§ **WORK TO COMPLETE**
Reproduce every record below exactly, with the pictures left out.

**** DATASET EXTRACT ****

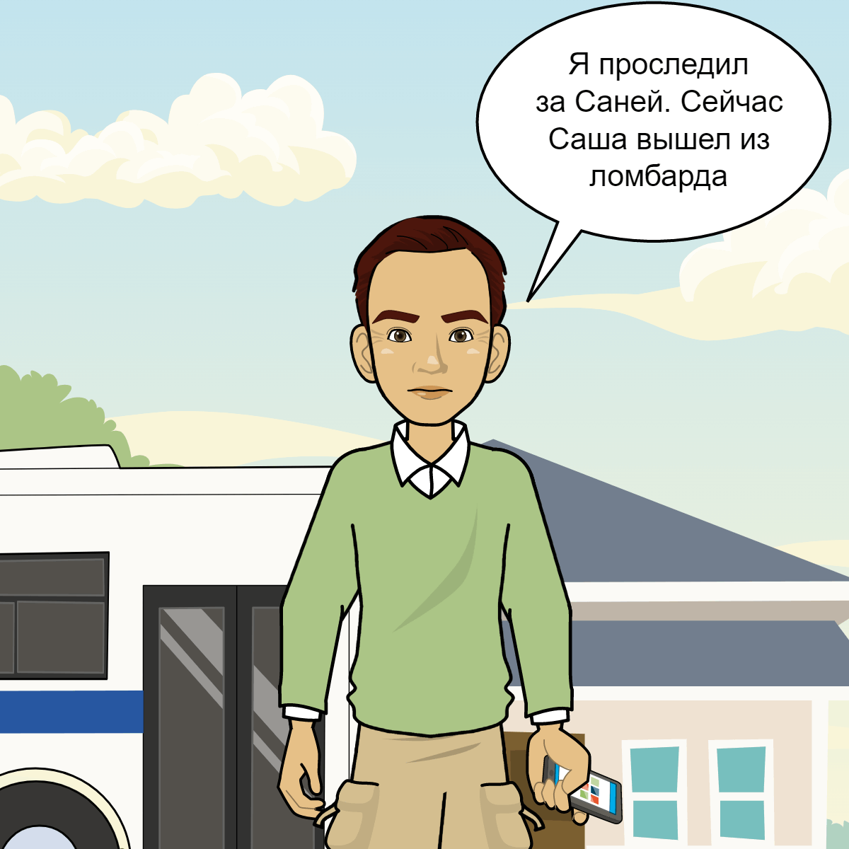 Содержание рассказа. Антон скрылся за углом и очень надеялся, что Саша не понял, что это он и вообще не понял, что за ним следили. Он быстро набрал номер своего руководителя. Не самого главного, а того, через которого Антон узнавал, что ему делать. Именно он отдавал приказы Антону. -Слушаю тебя – Руководитель подошёл сразу же. -Я проследил за Саней. Ты сказал мне звонить, если что-то необычное. Так вот. Сейчас Саша вышел из ломбарда – Антон -Откуда??? Зачем ему ломбард? Из какого именно ломбарда? – Руководитель очень удивился. -Сам не понимаю зачем. Может это его личное... А ломбард тот, с которым мы не работаем, далеко от лагеря. Помнишь, бос всё хотел наладить с ними отношения, но пока не вышло – Антон -Понял, ну ничего, думаю скоро и с ними сработаемся. Иди туда и узнай, что ему было нужно! Срочно! – Руководитель. -Постараюсь, но это ещё не всё. Марина и Нина были с ним – Антон -Что??? У них та, что с ним общего? – Руководитель -Не знаю, но тоже узнаю – Антон Руководитель повесил т
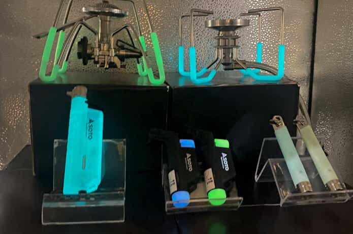 この他「ガス抜きツール」「マイクロトーチ アクティブ」「レギュレーターストーブ専用アシストグリップ」といった人気アイテムが、グリーン/ブルーの2色展開の蓄光モデルとしてスタンバイ中。
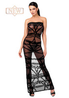 Tauchen Sie ein in die Kraft der Sinnlichkeit mit diesem faszinierenden langen Kleid aus beflocktem Tüll mit einzigartigem Bondage-Muster. Es ist ein faszinierendes Design, das gewagte Eleganz mit modernem Charme verbindet und einen Look kreiert, der alle Blicke auf sich zieht.
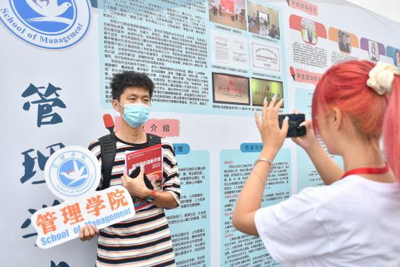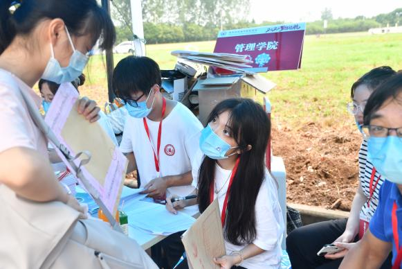 迎新工作如火如荼地进行着,新生丁嘉恒同学在办好自己的入住后主动请缨加入管理学院志愿者队伍,协助学长学姐接待其他新生,新同学也在学长学姐忙碌的时候主动送出小礼物表示感谢,无一不展现着管理学院温暖。
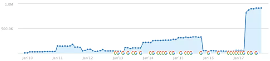 Penguin was spread out across six updates, gradually introduced over a four-year timeline. The updates affected 3.1% of English search queries (and 3% of non-English ones), but their impact was just as daunting as Panda. Below is the traffic for a site hit by Penguin. (4)
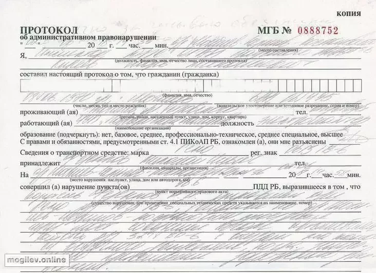 Супрацоўнік Чавускага АДАІ склаў пратакол, які немагчыма прачытаць ФОТАФАКТ
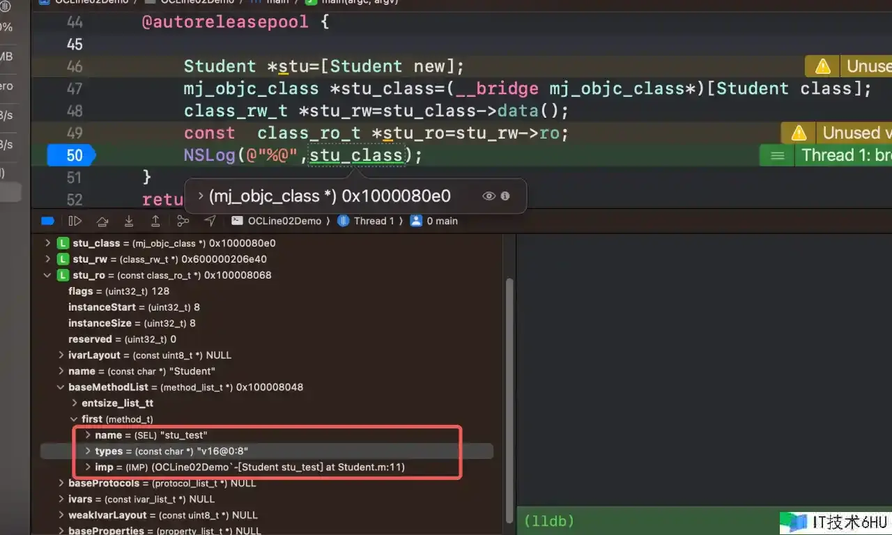 能够看到types在值:v16@0:8 ,能够看出name,types,IMP其实都在class_ro_t结构体中,这样的确证明了之前说的;class_ro_t结构体在运行时存储着类的初始状态数据。
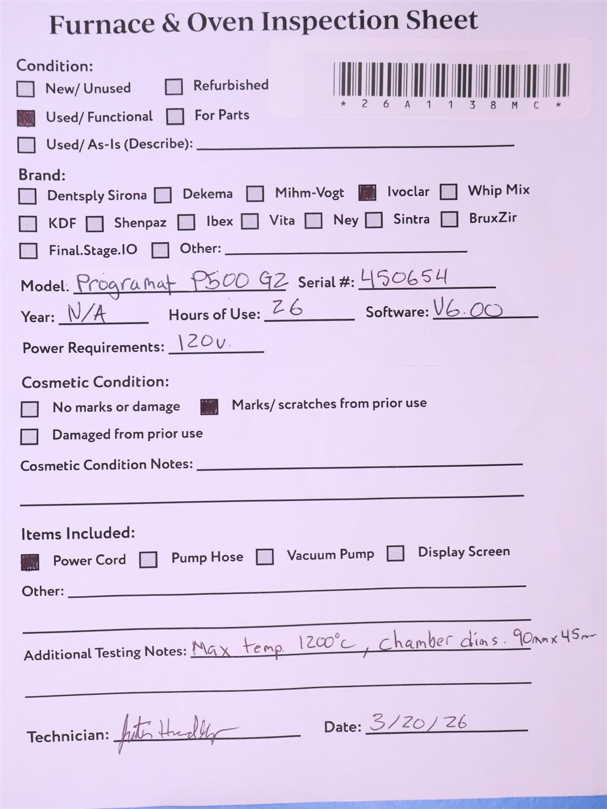 Your purchase will NOT include: Vacuum PumpThis product is pre-owned and may not include the same accessories as a new, unused unit. - other accessories not shown or listed here.The unit was powered on and underwent a thorough visual and functional inspection. The display shows no cracks, dead pixels, or other defects, and all control buttons respond properly. The system was then subjected to a full operational test sequence, including a vacuum test, heating test, cleaning cycle, and dehumidification cycle. Following these evaluations, the unit was calibrated. All tests were successfully completed, and the unit is confirmed to be fully functional.
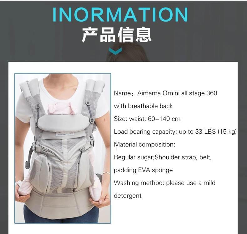 Aimama 0-36 месяцев 360 эргономичный холодный воздух хлопок Регулируемая переноска младенца слинг обернуть ремень рюкзаки
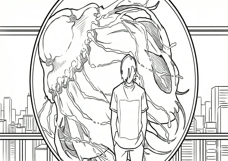 ⛩️Jujutsu KaisenDesenho para colorir de Junpei Yoshino com seu shikigami Moon Dregs (Sedimentos da Lua) ao fundo. A ilustração em estilo line art exibe o personagem e a invocação com traços nítidos em preto e branco, ambientados em um cenário urbano.
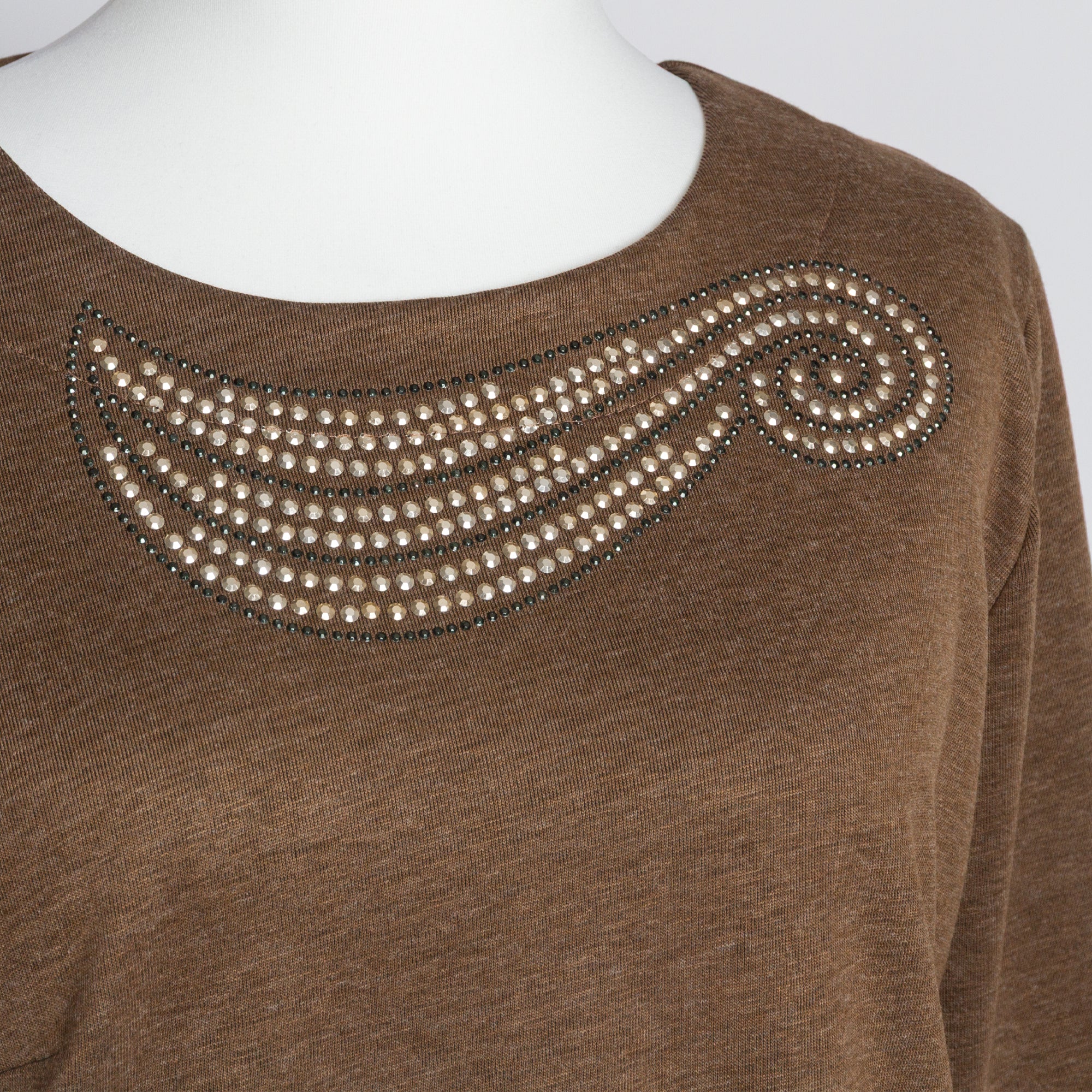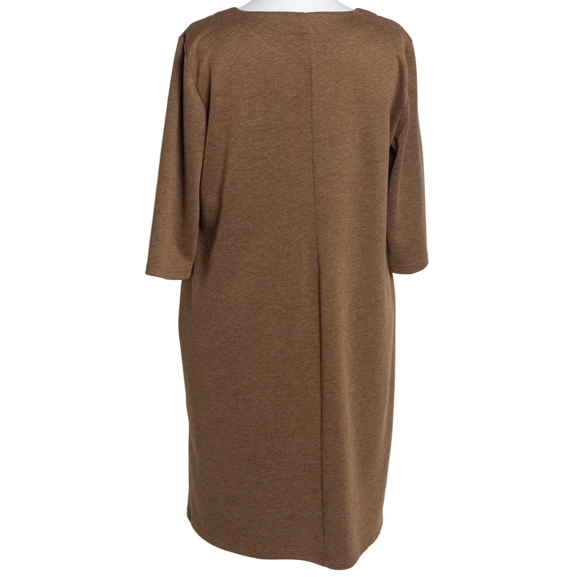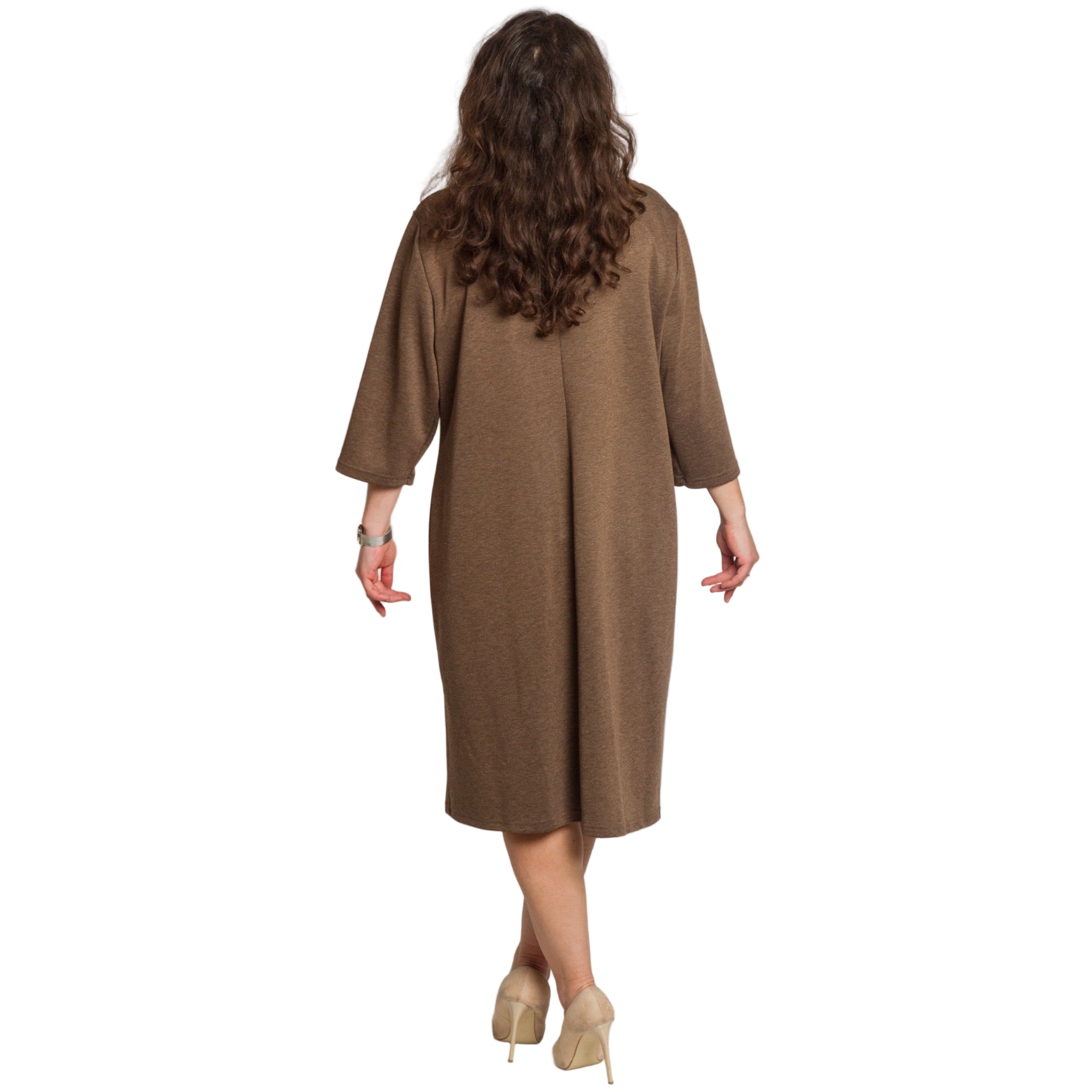Тази кафява рокля съчетава стил и комфорт в едно. Материята е мека, еластична и приятна на допир, което я прави подходяща за ежедневно носене, но детайлът от декоративни камъни около деколтето добавя елегантност и я превръща в отличен избор и за официални случаи. Правата кройка пада свободно по тялото и стои добре на фигури с извивки, като осигурява комфорт и свобода на движение. Облото деколте визуално издължава силуета и подчертава лицето. Роклята е универсален модел, който лесно може да бъде комбиниран както с ежедневни обувки, така и с по-елегантни аксесоари за специални моменти.
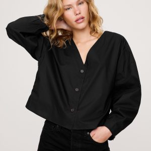 Button this cotton poplin top all the way up or leave it slightly open and style it off the shoulder for an at-ease effect.

****

§ **ANSWER SPACE**
 Содержание рассказа. Антон скрылся за углом и очень надеялся, что Саша не понял, что это он и вообще не понял, что за ним следили. Он быстро набрал номер своего руководителя. Не самого главного, а того, через которого Антон узнавал, что ему делать. Именно он отдавал приказы Антону. -Слушаю тебя – Руководитель подошёл сразу же. -Я проследил за Саней. Ты сказал мне звонить, если что-то необычное. Так вот. Сейчас Саша вышел из ломбарда – Антон -Откуда??? Зачем ему ломбард? Из какого именно ломбарда? – Руководитель очень удивился. -Сам не понимаю зачем. Может это его личное... А ломбард тот, с которым мы не работаем, далеко от лагеря. Помнишь, бос всё хотел наладить с ними отношения, но пока не вышло – Антон -Понял, ну ничего, думаю скоро и с ними сработаемся. Иди туда и узнай, что ему было нужно! Срочно! – Руководитель. -Постараюсь, но это ещё не всё. Марина и Нина были с ним – Антон -Что??? У них та, что с ним общего? – Руководитель -Не знаю, но тоже узнаю – Антон Руководитель повесил т
 この他「ガス抜きツール」「マイクロトーチ アクティブ」「レギュレーターストーブ専用アシストグリップ」といった人気アイテムが、グリーン/ブルーの2色展開の蓄光モデルとしてスタンバイ中。
 Tauchen Sie ein in die Kraft der Sinnlichkeit mit diesem faszinierenden langen Kleid aus beflocktem Tüll mit einzigartigem Bondage-Muster. Es ist ein faszinierendes Design, das gewagte Eleganz mit modernem Charme verbindet und einen Look kreiert, der alle Blicke auf sich zieht.
 迎新工作如火如荼地进行着,新生丁嘉恒同学在办好自己的入住后主动请缨加入管理学院志愿者队伍,协助学长学姐接待其他新生,新同学也在学长学姐忙碌的时候主动送出小礼物表示感谢,无一不展现着管理学院温暖。
 Penguin was spread out across six updates, gradually introduced over a four-year timeline. The updates affected 3.1% of English search queries (and 3% of non-English ones), but their impact was just as daunting as Panda. Below is the traffic for a site hit by Penguin. (4)
 Супрацоўнік Чавускага АДАІ склаў пратакол, які немагчыма прачытаць ФОТАФАКТ
 能够看到types在值:v16@0:8 ,能够看出name,types,IMP其实都在class_ro_t结构体中,这样的确证明了之前说的;class_ro_t结构体在运行时存储着类的初始状态数据。
 Your purchase will NOT include: Vacuum PumpThis product is pre-owned and may not include the same accessories as a new, unused unit. - other accessories not shown or listed here.The unit was powered on and underwent a thorough visual and functional inspection. The display shows no cracks, dead pixels, or other defects, and all control buttons respond properly. The system was then subjected to a full operational test sequence, including a vacuum test, heating test, cleaning cycle, and dehumidification cycle. Following these evaluations, the unit was calibrated. All tests were successfully completed, and the unit is confirmed to be fully functional.
 Aimama 0-36 месяцев 360 эргономичный холодный воздух хлопок Регулируемая переноска младенца слинг обернуть ремень рюкзаки
 ⛩️Jujutsu KaisenDesenho para colorir de Junpei Yoshino com seu shikigami Moon Dregs (Sedimentos da Lua) ao fundo. A ilustração em estilo line art exibe o personagem e a invocação com traços nítidos em preto e branco, ambientados em um cenário urbano.
Тази кафява рокля съчетава стил и комфорт в едно. Материята е мека, еластична и приятна на допир, което я прави подходяща за ежедневно носене, но детайлът от декоративни камъни около деколтето добавя елегантност и я превръща в отличен избор и за официални случаи. Правата кройка пада свободно по тялото и стои добре на фигури с извивки, като осигурява комфорт и свобода на движение. Облото деколте визуално издължава силуета и подчертава лицето. Роклята е универсален модел, който лесно може да бъде комбиниран както с ежедневни обувки, така и с по-елегантни аксесоари за специални моменти.
 Button this cotton poplin top all the way up or leave it slightly open and style it off the shoulder for an at-ease effect.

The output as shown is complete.